Input data:
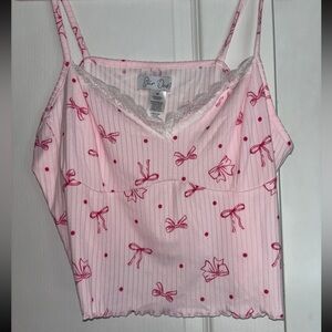 Baby pink two peice pajama set. Never worn. Coquette inspired with pink bows. Super soft and pretty. No flaws !
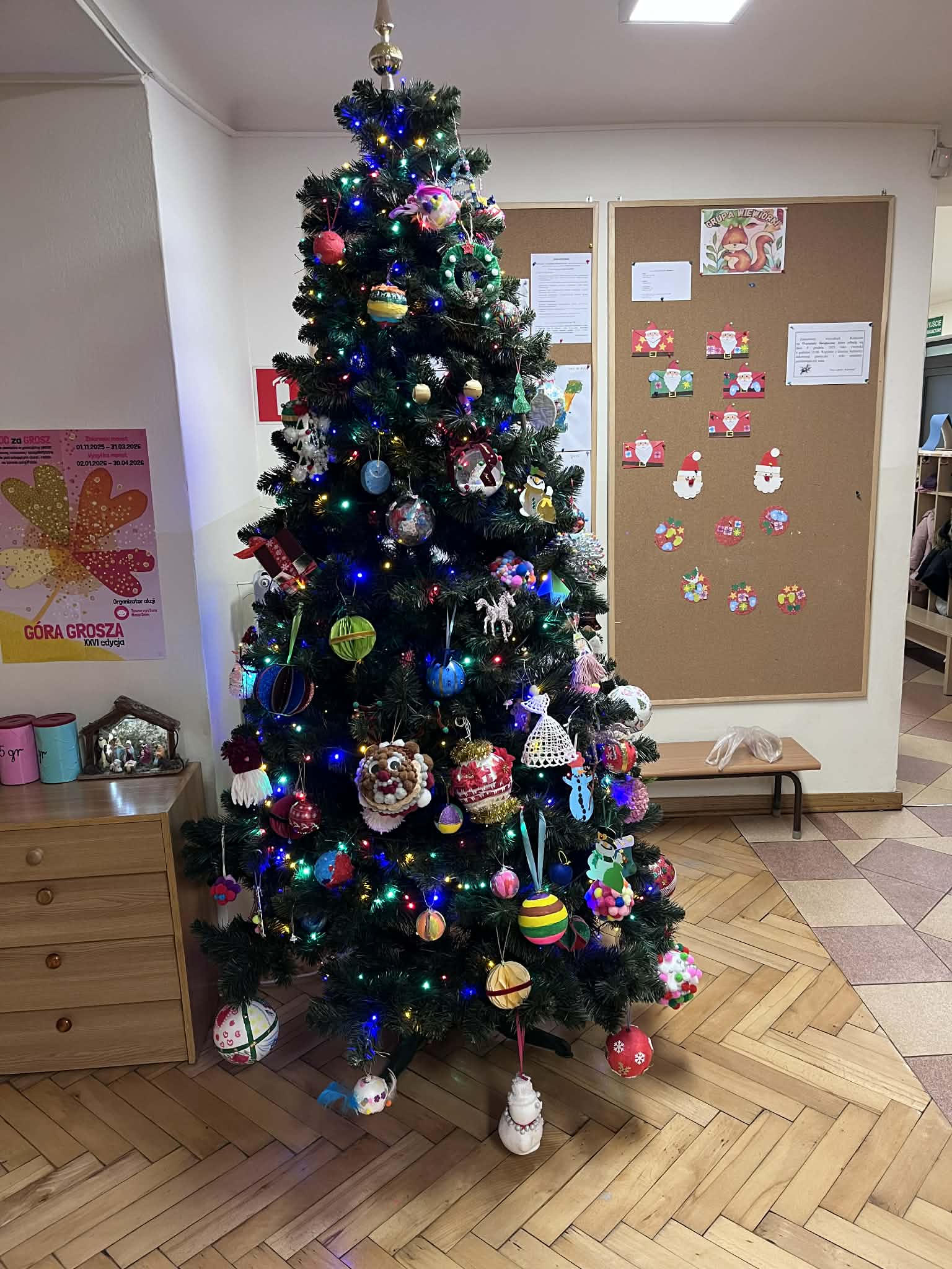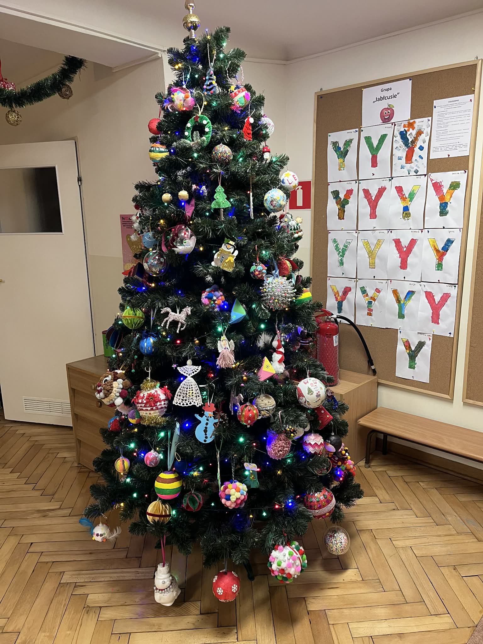 Nasz hol przedszkolny rozbłysnął już świątecznym blaskiem! Stoi w nim choinka, udekorowana wyłącznie unikalnymi ozdobami, które z wielkim zaangażowaniem przygotowały nasze przedszkolaki.
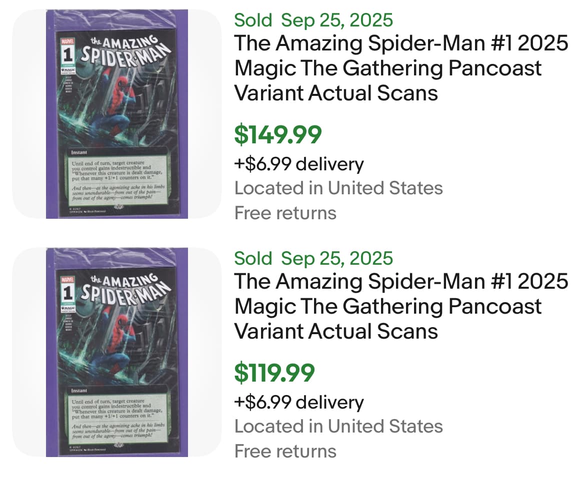 This comic book was sent as a one-per-store cover to retailers… but not comic retailers, game shops! It is meant to be used as a prize for winning the first official MTG: Spider-Man tournament. The promo was intended for use at a special event scheduled for November.
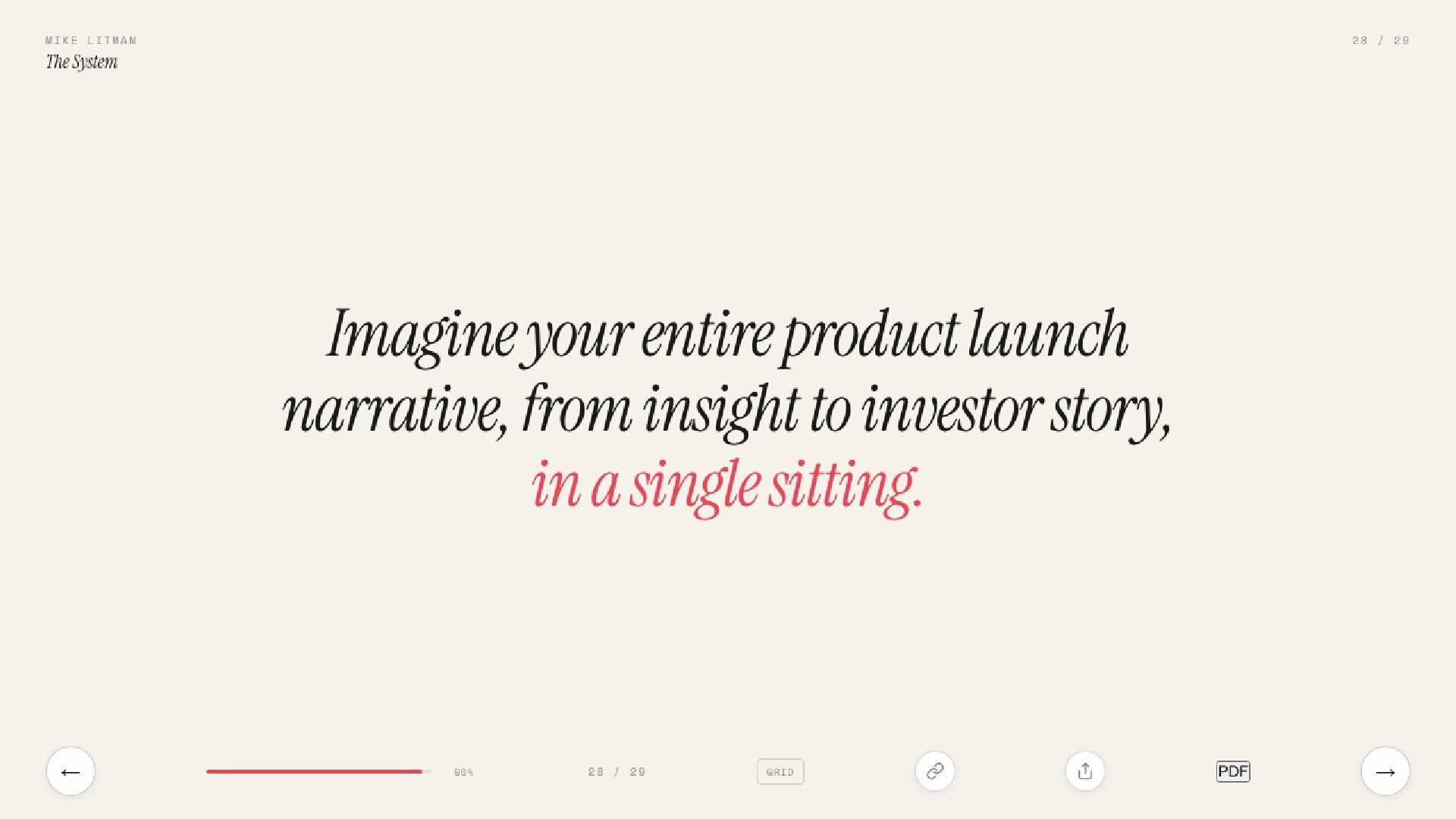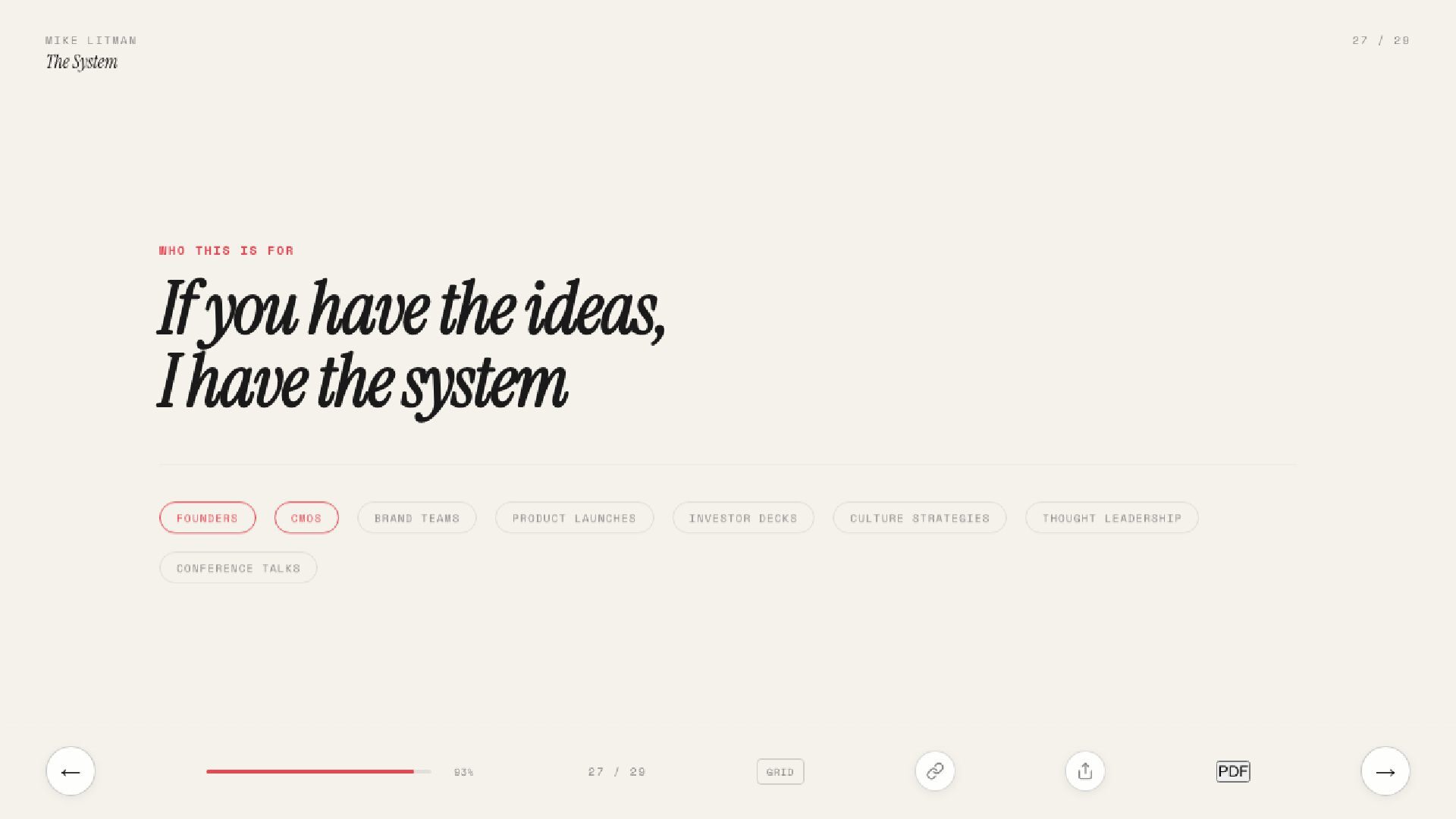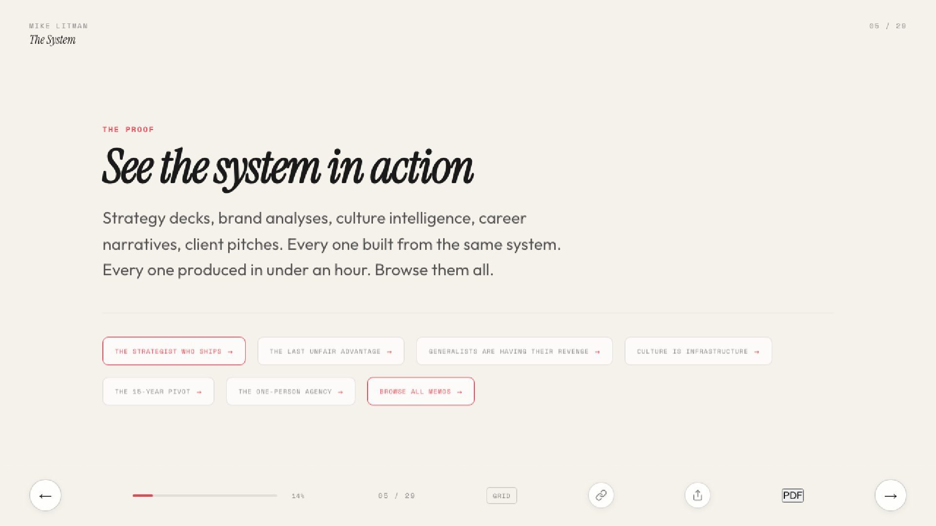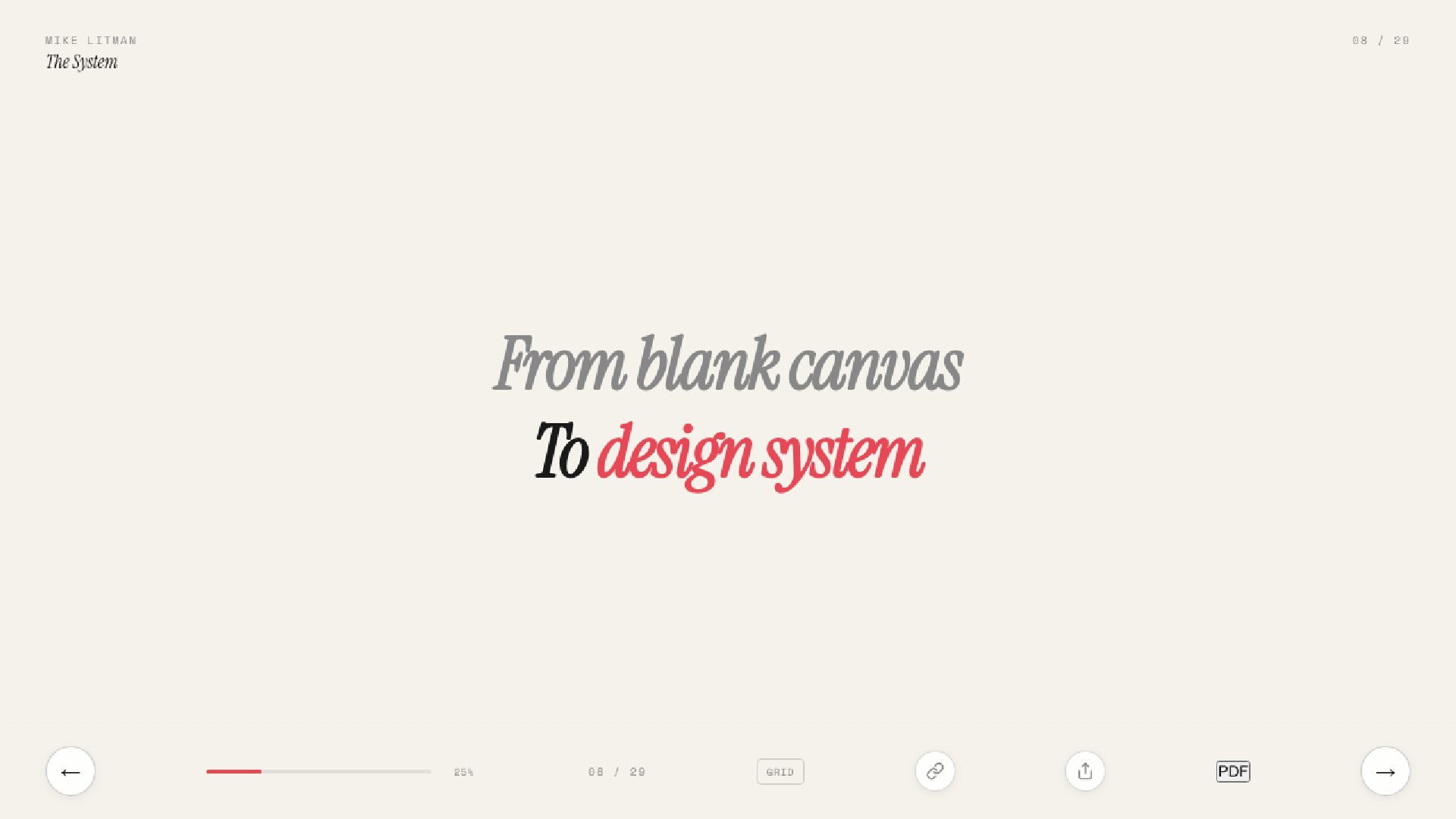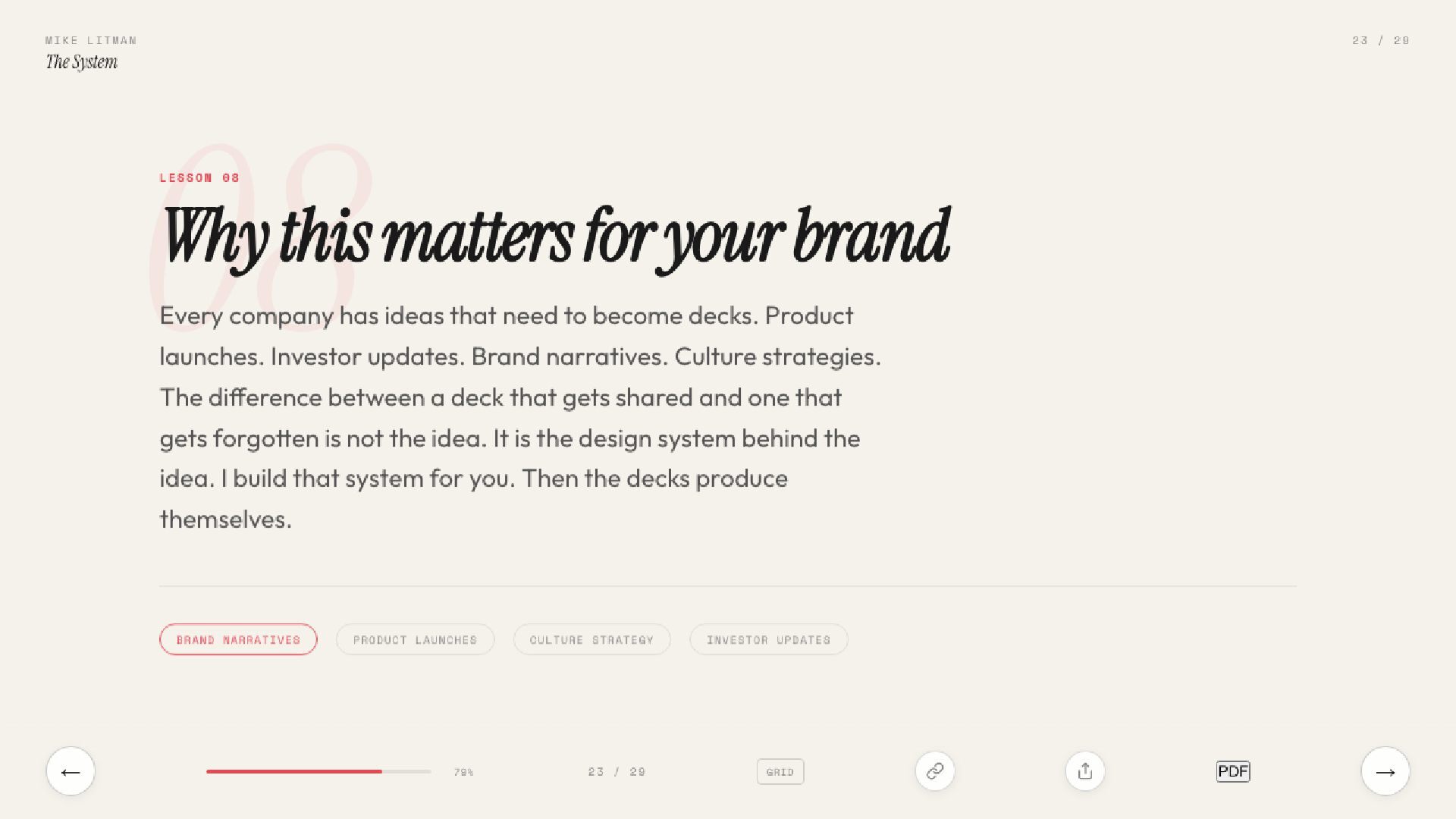 How I produce editorial-quality decks at speed. Three fonts, five colours, six slide types, and a system that makes every decision before I start. 24 slides on the method behind the output.

Problem to work on: Leaving every picture aside, transcribe exactly the lines from the one that contains "This comic book" through the final line of the listing above, inclusive.

Answer to this task:
 This comic book was sent as a one-per-store cover to retailers… but not comic retailers, game shops! It is meant to be used as a prize for winning the first official MTG: Spider-Man tournament. The promo was intended for use at a special event scheduled for November.
 How I produce editorial-quality decks at speed. Three fonts, five colours, six slide types, and a system that makes every decision before I start. 24 slides on the method behind the output.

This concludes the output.